A just-filed lawsuit has some people wondering: How much caffeine would be necessary to kill someone?

The lawsuit claims that a 14-year-old girl drank two 24-ounce cans of a so-called "energy drink" before suddenly dying. Energy drinks combine higher-than-usual amounts of caffeine with other types of stimulants and vitamins.The coroner's report says that "caffeine toxicity" was a factor, though possibly not the only one.

I drink a lot of diet cola. You may drink a lot of coffee or tea. So how much caffeine is too much?

Well, Popular Science.com says the editor-in-chief of the Journal Of Caffeine Research [and surprisingly there is such a journal] thinks 10 grans of caffeine in a short time would do the trick. A 2005 study on two caffeine-related deaths in New Mexico says the figure would be just five grams [the amount in about six gallons of McDonald's coffee].
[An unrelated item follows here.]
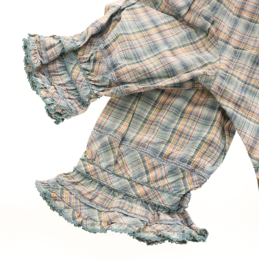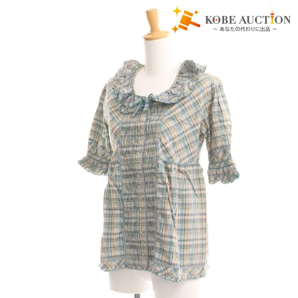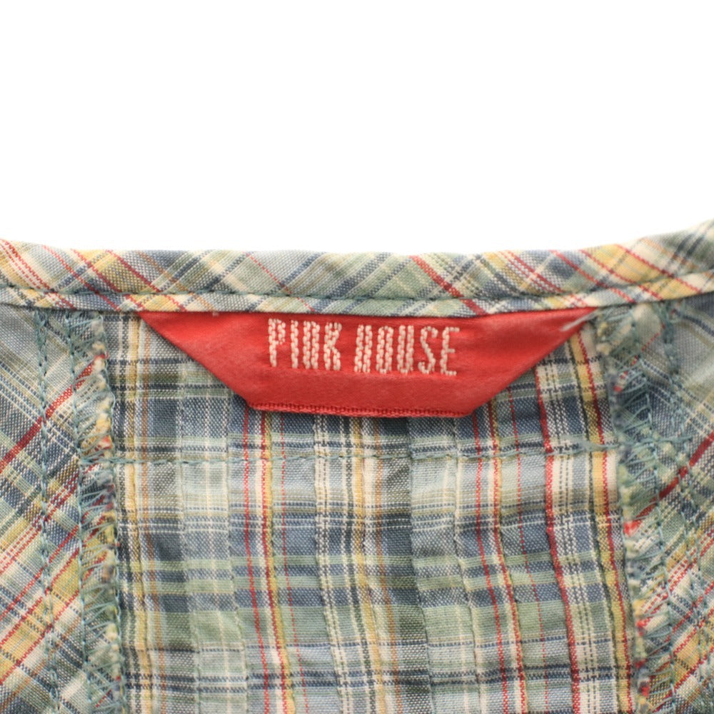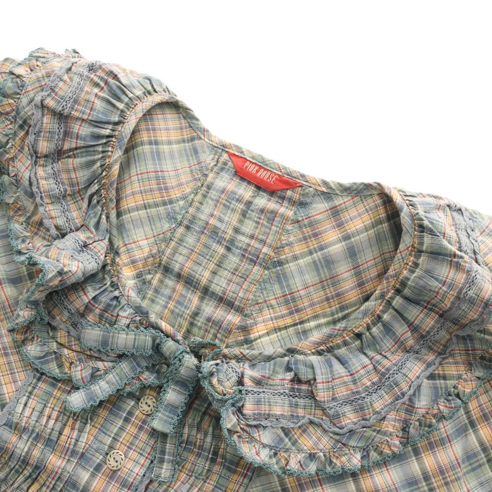 ピンクハウス ブラウス 半袖 トップス チェック フリル リボン レディース グリーン系

Complicating the matter even further is the fact that caffeine overdose is almost always just a single factory in a death [other items blamed include heart disease, exercising strenuously  or combining caffeine with alcohol]. An app called Death By Caffeine argues for six grams of caffeine per hundred pounds of body weight, although the app is said to be "for entertainment purposes only".

Obviously some of us take in too much caffeine. And lesser amounts would certainly be better for most of us. But it looks like it'd be easier to beat yourself over the head with a rock.